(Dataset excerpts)
========
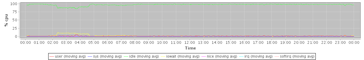 avg(user) = 1.44 avg(sys) = 0.29 avg(idle) = 96.68 avg(iowait) = 1.57 avg(nice) = 0.00 avg(irq) = 0.00 avg(softirq) = 0.01
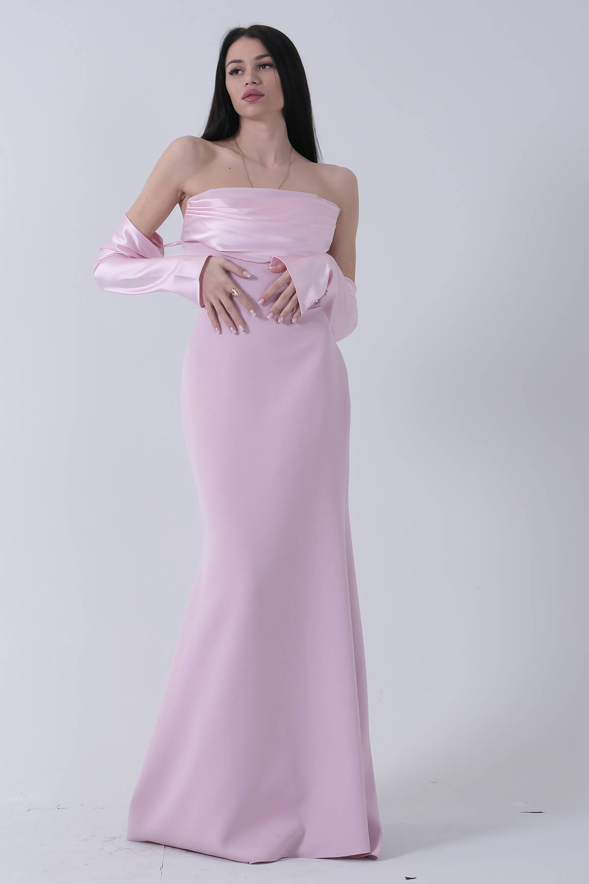 Pudra Drapeli Düğme Detaylı Uzun Abiye 9705361.79
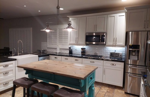 Another 6 chairand table is in the breakfastroom with 2 additional seats at black and white granite breakfast nook.***
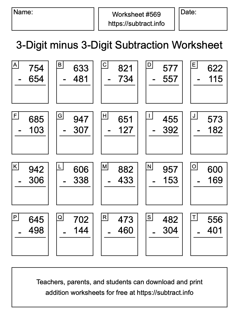 Here is the 3-Digit minus 3-Digit Subtraction Worksheet #569. Print and/or save the worksheet using the buttons below the image. You can also drag or right-click on the image to download it to your device.
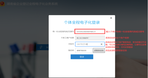 实例一:以食品生产加工作坊许可证变更为例 名 称:桃江县卫国面条厂 统一社会信用代码:92430922MA4NP4WG7T 第一步:登录。选择“个体全程电子化登录”。
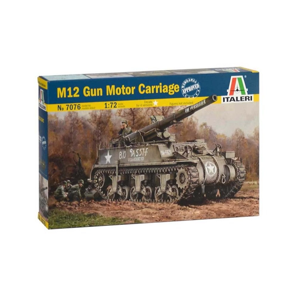 1/72 M-12 GMC Italeri 7076COLOR INSTRUCTION SHEETThe self-propelled gun GMC M12 was used during the Second World War by the U.S. Army. It was developed on the hull of the M3 Lee / Grant tank on which was installed the original French GPF 155 mm gun. The main armament, the ammunitions and the gun crew were located in an open topped area at the back of the vehicle. Only the driver’s and the radio operators seats were protected. To absorb the effects of the recoil when using the artillery piece, the M-12 was equipped with a rear blade that was lowered and fixed into the ground.
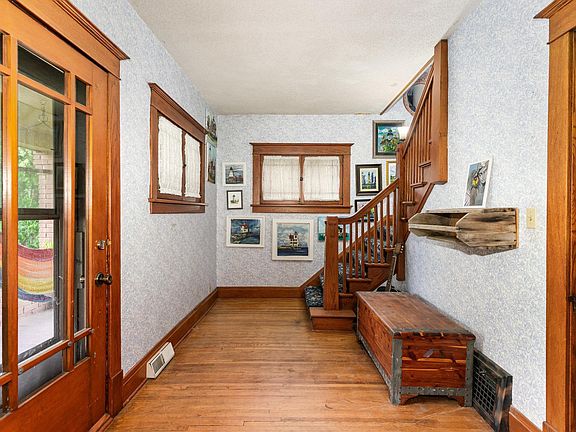 Welcome to this solid brick home centered on a spacious corner lot. A beautiful front porch greets you as you walk into this unique home featuring several custom original built-in cabinets throughout the main level, original wood floors and woodwork throughout. 7 spacious common areas on the main level. Featuring 3 bedrooms upstairs, each with its own walk-in closet. Private master 3/4 bathroom. Full open basement area ready to finish as you please with plenty of storage space. Additionally, there are 2 garages offering plenty of covered space. Close to schools, the community pool and downtown common areas, this property has so much to offer! Come see it today!
========
§ **PROBLEM**
The output is the stretch above from the line with "Another 6 chairand" through the line with "1/72 M-12 GMC", copied word for word with both ends kept and every picture dropped.

§ **ANSWER TO THIS TASK**
 Another 6 chairand table is in the breakfastroom with 2 additional seats at black and white granite breakfast nook.***
 Here is the 3-Digit minus 3-Digit Subtraction Worksheet #569. Print and/or save the worksheet using the buttons below the image. You can also drag or right-click on the image to download it to your device.
 实例一:以食品生产加工作坊许可证变更为例 名 称:桃江县卫国面条厂 统一社会信用代码:92430922MA4NP4WG7T 第一步:登录。选择“个体全程电子化登录”。
 1/72 M-12 GMC Italeri 7076COLOR INSTRUCTION SHEETThe self-propelled gun GMC M12 was used during the Second World War by the U.S. Army. It was developed on the hull of the M3 Lee / Grant tank on which was installed the original French GPF 155 mm gun. The main armament, the ammunitions and the gun crew were located in an open topped area at the back of the vehicle. Only the driver’s and the radio operators seats were protected. To absorb the effects of the recoil when using the artillery piece, the M-12 was equipped with a rear blade that was lowered and fixed into the ground.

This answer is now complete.